▶ **What is needed**:
Among the entries, find the lines with the string "Shirt" and copy them.

▶ **Provided data**:
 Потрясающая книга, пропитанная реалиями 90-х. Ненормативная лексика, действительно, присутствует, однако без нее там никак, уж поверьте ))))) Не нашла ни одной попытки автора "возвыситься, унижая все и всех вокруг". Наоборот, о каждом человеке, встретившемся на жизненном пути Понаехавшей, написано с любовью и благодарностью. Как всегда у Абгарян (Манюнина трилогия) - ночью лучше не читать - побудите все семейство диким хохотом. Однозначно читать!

--

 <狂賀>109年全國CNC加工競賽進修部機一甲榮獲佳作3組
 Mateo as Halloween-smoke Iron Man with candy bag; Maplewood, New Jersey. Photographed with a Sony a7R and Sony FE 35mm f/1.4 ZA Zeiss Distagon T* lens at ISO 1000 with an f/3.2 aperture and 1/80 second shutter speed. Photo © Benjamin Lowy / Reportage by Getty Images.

* * *

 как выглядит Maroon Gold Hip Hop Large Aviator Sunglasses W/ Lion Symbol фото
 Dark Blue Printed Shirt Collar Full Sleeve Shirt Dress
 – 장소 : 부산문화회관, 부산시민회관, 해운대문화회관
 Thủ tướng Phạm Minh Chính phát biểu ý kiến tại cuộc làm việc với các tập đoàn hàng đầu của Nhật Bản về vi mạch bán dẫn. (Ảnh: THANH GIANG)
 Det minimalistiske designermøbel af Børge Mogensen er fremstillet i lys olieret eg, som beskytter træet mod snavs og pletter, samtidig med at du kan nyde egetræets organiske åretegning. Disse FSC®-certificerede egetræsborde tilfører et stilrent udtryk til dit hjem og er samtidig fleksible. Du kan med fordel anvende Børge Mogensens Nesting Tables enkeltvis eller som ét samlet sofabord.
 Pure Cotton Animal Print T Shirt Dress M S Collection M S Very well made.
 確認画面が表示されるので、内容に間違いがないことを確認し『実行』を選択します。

▶ **Solution to this problem**:
 Dark Blue Printed Shirt Collar Full Sleeve Shirt Dress
 Pure Cotton Animal Print T Shirt Dress M S Collection M S Very well made.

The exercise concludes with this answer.